WORK TO COMPLETE:
Exact reproduction of the listing is required. Pictures are not reproduced.

DATA FOR ANALYSIS:
---
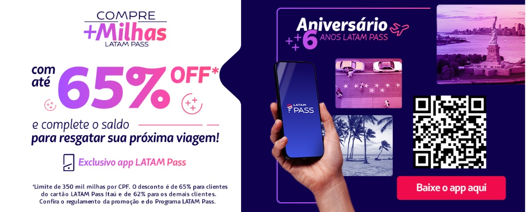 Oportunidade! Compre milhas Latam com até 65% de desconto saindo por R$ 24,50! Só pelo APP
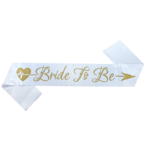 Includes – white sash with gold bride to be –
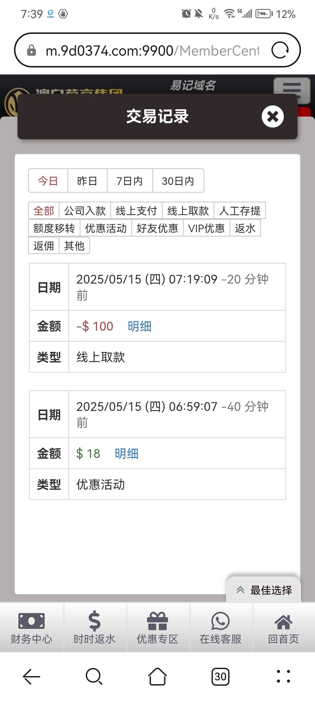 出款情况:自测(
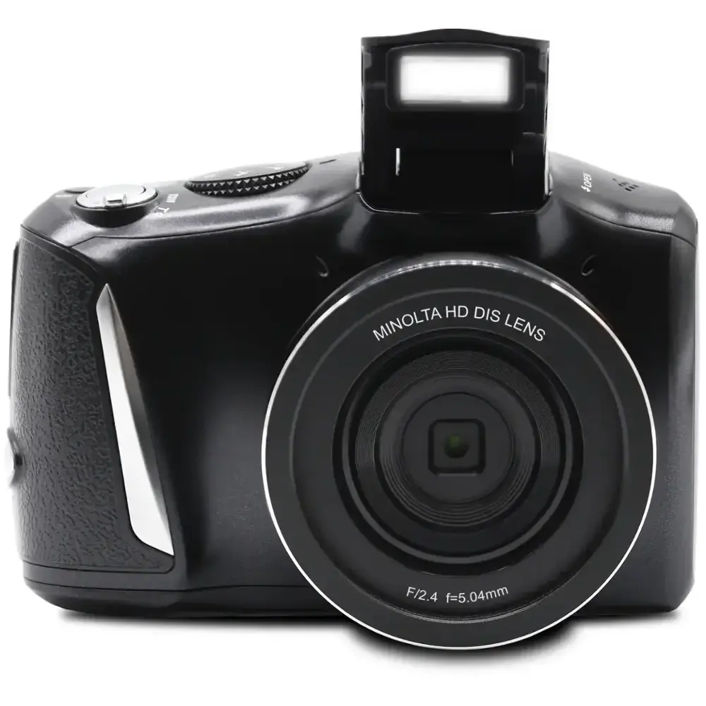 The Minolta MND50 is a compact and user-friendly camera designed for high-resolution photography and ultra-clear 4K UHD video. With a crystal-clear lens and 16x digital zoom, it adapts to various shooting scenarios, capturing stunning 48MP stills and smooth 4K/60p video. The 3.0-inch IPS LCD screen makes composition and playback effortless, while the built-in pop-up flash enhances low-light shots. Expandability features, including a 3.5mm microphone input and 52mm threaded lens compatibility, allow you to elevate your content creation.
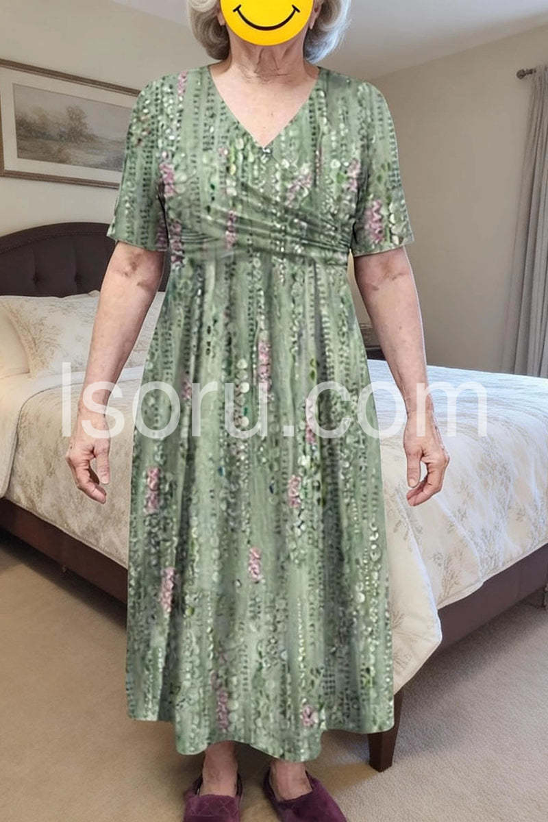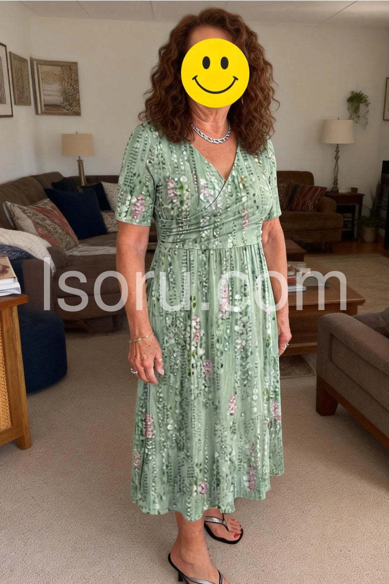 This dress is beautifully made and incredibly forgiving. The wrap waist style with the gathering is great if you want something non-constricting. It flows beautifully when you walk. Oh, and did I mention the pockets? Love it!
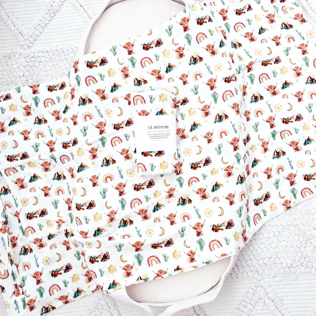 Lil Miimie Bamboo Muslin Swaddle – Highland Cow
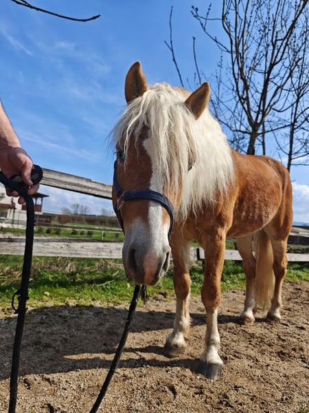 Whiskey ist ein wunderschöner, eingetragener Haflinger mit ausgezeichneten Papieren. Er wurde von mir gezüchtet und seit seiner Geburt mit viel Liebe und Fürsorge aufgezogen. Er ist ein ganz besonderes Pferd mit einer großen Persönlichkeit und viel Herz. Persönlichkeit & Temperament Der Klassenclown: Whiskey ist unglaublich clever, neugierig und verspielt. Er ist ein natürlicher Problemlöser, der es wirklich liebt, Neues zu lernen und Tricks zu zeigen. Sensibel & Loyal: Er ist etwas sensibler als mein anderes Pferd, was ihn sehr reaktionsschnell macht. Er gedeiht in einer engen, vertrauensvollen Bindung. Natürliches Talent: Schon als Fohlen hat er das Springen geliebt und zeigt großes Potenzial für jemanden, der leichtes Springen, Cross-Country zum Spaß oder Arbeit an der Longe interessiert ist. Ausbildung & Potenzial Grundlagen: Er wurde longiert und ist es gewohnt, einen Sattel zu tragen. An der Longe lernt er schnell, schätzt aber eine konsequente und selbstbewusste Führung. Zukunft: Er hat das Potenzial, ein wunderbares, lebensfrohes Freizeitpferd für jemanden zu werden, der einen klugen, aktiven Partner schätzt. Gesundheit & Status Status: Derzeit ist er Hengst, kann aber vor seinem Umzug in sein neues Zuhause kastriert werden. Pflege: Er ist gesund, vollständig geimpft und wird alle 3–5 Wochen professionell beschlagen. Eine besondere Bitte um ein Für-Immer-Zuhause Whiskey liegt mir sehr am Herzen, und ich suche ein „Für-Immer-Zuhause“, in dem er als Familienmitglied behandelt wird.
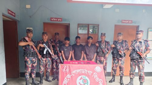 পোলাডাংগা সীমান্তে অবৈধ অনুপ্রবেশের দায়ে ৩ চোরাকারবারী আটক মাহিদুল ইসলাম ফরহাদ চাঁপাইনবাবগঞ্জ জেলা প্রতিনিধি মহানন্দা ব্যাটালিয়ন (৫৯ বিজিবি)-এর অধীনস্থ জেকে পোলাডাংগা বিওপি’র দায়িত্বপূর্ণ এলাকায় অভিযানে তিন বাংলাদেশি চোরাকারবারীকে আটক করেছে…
---
ANSWER FOR THE TASK:
 Oportunidade! Compre milhas Latam com até 65% de desconto saindo por R$ 24,50! Só pelo APP
 Includes – white sash with gold bride to be –
 出款情况:自测(
 The Minolta MND50 is a compact and user-friendly camera designed for high-resolution photography and ultra-clear 4K UHD video. With a crystal-clear lens and 16x digital zoom, it adapts to various shooting scenarios, capturing stunning 48MP stills and smooth 4K/60p video. The 3.0-inch IPS LCD screen makes composition and playback effortless, while the built-in pop-up flash enhances low-light shots. Expandability features, including a 3.5mm microphone input and 52mm threaded lens compatibility, allow you to elevate your content creation.
 This dress is beautifully made and incredibly forgiving. The wrap waist style with the gathering is great if you want something non-constricting. It flows beautifully when you walk. Oh, and did I mention the pockets? Love it!
 Lil Miimie Bamboo Muslin Swaddle – Highland Cow
 Whiskey ist ein wunderschöner, eingetragener Haflinger mit ausgezeichneten Papieren. Er wurde von mir gezüchtet und seit seiner Geburt mit viel Liebe und Fürsorge aufgezogen. Er ist ein ganz besonderes Pferd mit einer großen Persönlichkeit und viel Herz. Persönlichkeit & Temperament Der Klassenclown: Whiskey ist unglaublich clever, neugierig und verspielt. Er ist ein natürlicher Problemlöser, der es wirklich liebt, Neues zu lernen und Tricks zu zeigen. Sensibel & Loyal: Er ist etwas sensibler als mein anderes Pferd, was ihn sehr reaktionsschnell macht. Er gedeiht in einer engen, vertrauensvollen Bindung. Natürliches Talent: Schon als Fohlen hat er das Springen geliebt und zeigt großes Potenzial für jemanden, der leichtes Springen, Cross-Country zum Spaß oder Arbeit an der Longe interessiert ist. Ausbildung & Potenzial Grundlagen: Er wurde longiert und ist es gewohnt, einen Sattel zu tragen. An der Longe lernt er schnell, schätzt aber eine konsequente und selbstbewusste Führung. Zukunft: Er hat das Potenzial, ein wunderbares, lebensfrohes Freizeitpferd für jemanden zu werden, der einen klugen, aktiven Partner schätzt. Gesundheit & Status Status: Derzeit ist er Hengst, kann aber vor seinem Umzug in sein neues Zuhause kastriert werden. Pflege: Er ist gesund, vollständig geimpft und wird alle 3–5 Wochen professionell beschlagen. Eine besondere Bitte um ein Für-Immer-Zuhause Whiskey liegt mir sehr am Herzen, und ich suche ein „Für-Immer-Zuhause“, in dem er als Familienmitglied behandelt wird.
 পোলাডাংগা সীমান্তে অবৈধ অনুপ্রবেশের দায়ে ৩ চোরাকারবারী আটক মাহিদুল ইসলাম ফরহাদ চাঁপাইনবাবগঞ্জ জেলা প্রতিনিধি মহানন্দা ব্যাটালিয়ন (৫৯ বিজিবি)-এর অধীনস্থ জেকে পোলাডাংগা বিওপি’র দায়িত্বপূর্ণ এলাকায় অভিযানে তিন বাংলাদেশি চোরাকারবারীকে আটক করেছে…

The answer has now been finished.